#### Required work:
Up to and including the line with "Fruška Gora is an", write out the listing from its first line, minus the pictures.

#### Given data:
※ ※ ※
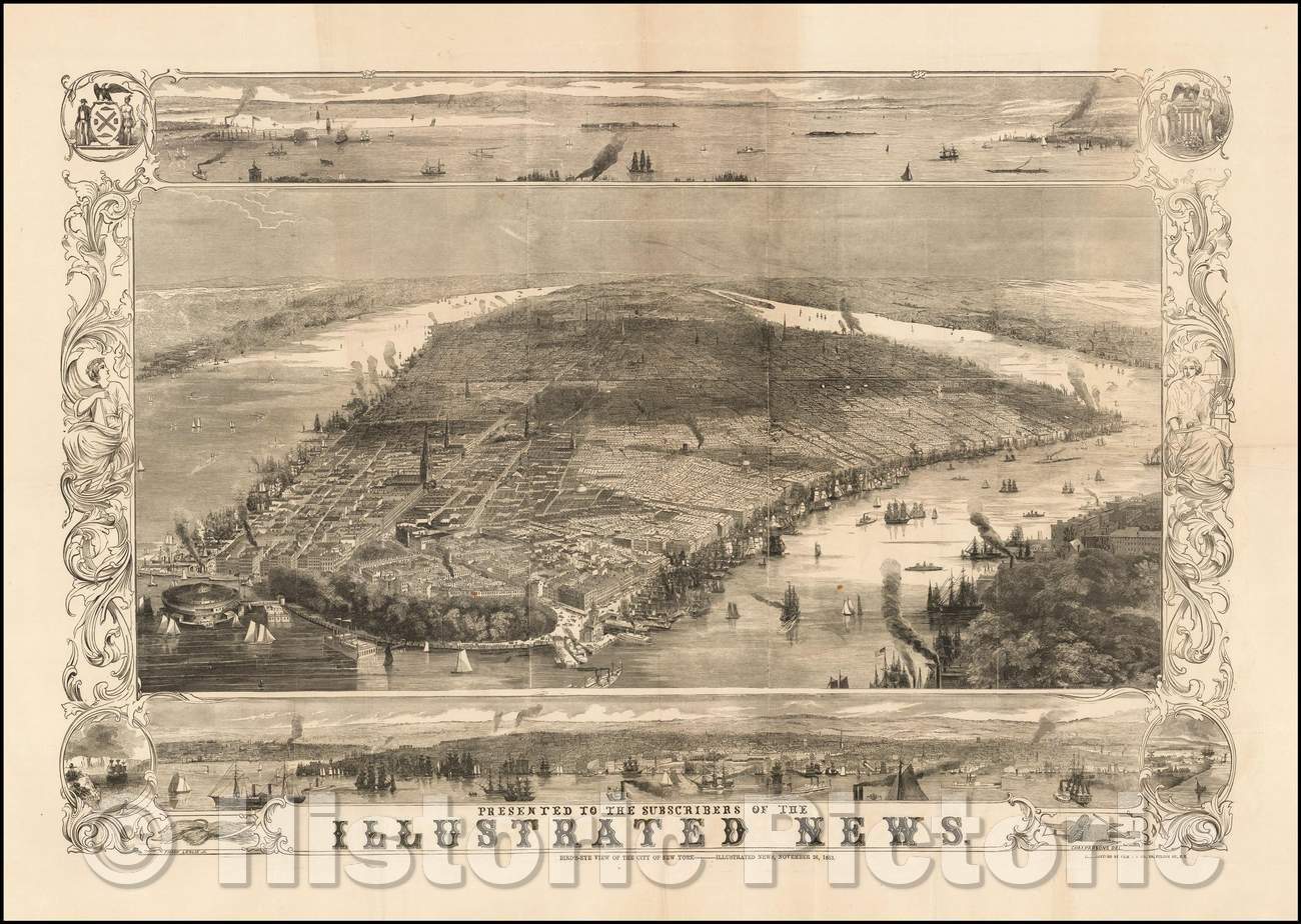 • .Historic Map - Bird's-Eye View of the City of New York, 1853, Illustrated London News - Vintage Wall Art
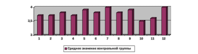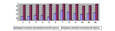 | Средний пока- затель в баллах | 1 | 1,6 | 2,2 | 1,6 | 1,4 | 2,6 | 3 | 3 | 2,2 | 2 | 1,8 | 2,4 |
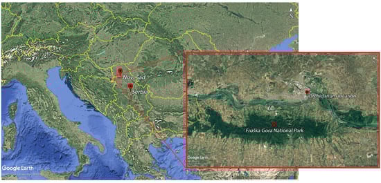 Fruška Gora is an isolated mountain range located mostly in the northern part of Serbia, within the autonomous province of Vojvodina, and geographically positioned between 45°00′ and 45°15′ north latitude and 16°37′ and 18°01′ east longitude (Figure 1). It stretches in an east–west direction between the Danube and Sava rivers, spanning approximately 80 km in length and up to 15 km in width, with the highest peak reaching 539 m. Owing to its exceptionally rich and unique biodiversity, a part of Fruška Gora is under special protection and has been designated as a national park.
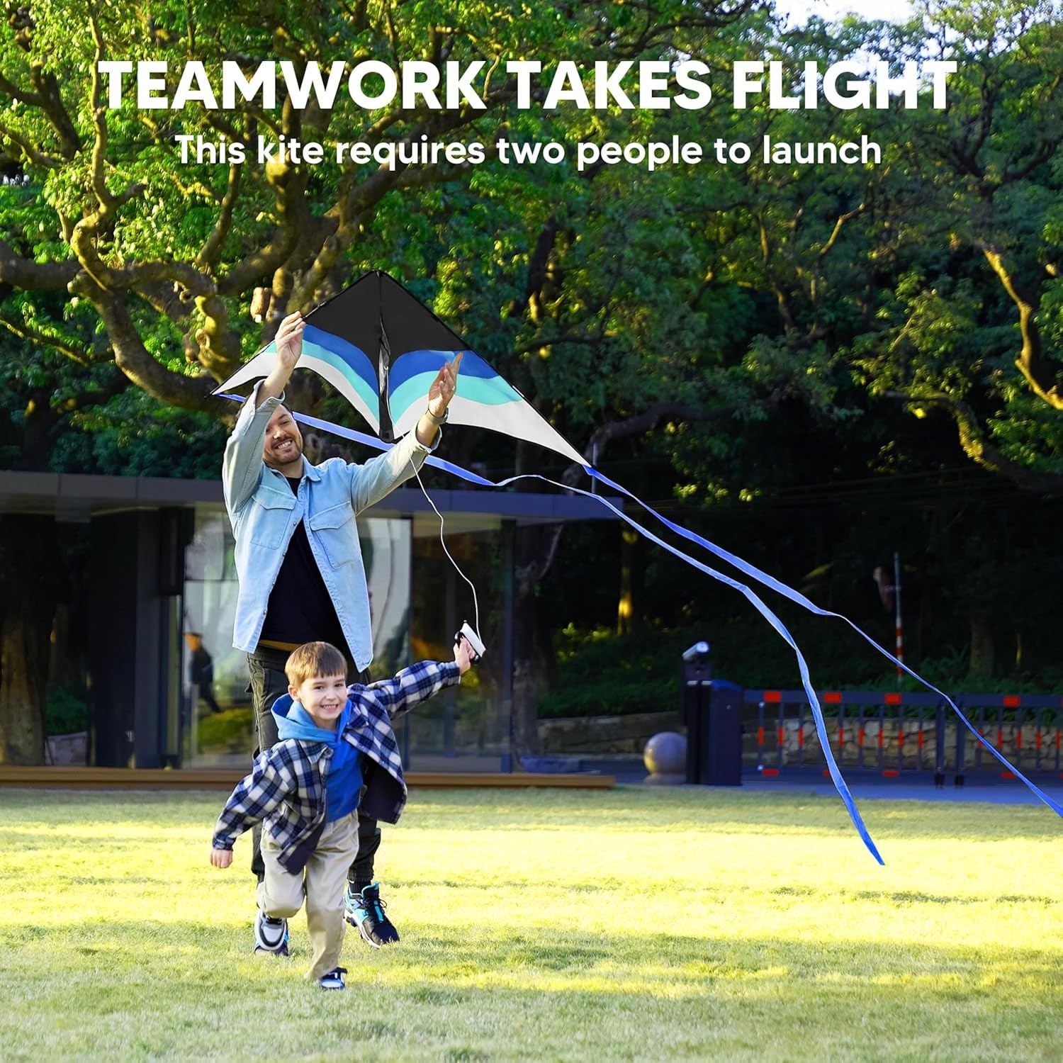 Large Delta Kite Yellow Easy Fly 328ft String for Kids Adults Beach Fun Outdoor
※ ※ ※
#### Answer box:
 • .Historic Map - Bird's-Eye View of the City of New York, 1853, Illustrated London News - Vintage Wall Art
 | Средний пока- затель в баллах | 1 | 1,6 | 2,2 | 1,6 | 1,4 | 2,6 | 3 | 3 | 2,2 | 2 | 1,8 | 2,4 |
 Fruška Gora is an isolated mountain range located mostly in the northern part of Serbia, within the autonomous province of Vojvodina, and geographically positioned between 45°00′ and 45°15′ north latitude and 16°37′ and 18°01′ east longitude (Figure 1). It stretches in an east–west direction between the Danube and Sava rivers, spanning approximately 80 km in length and up to 15 km in width, with the highest peak reaching 539 m. Owing to its exceptionally rich and unique biodiversity, a part of Fruška Gora is under special protection and has been designated as a national park.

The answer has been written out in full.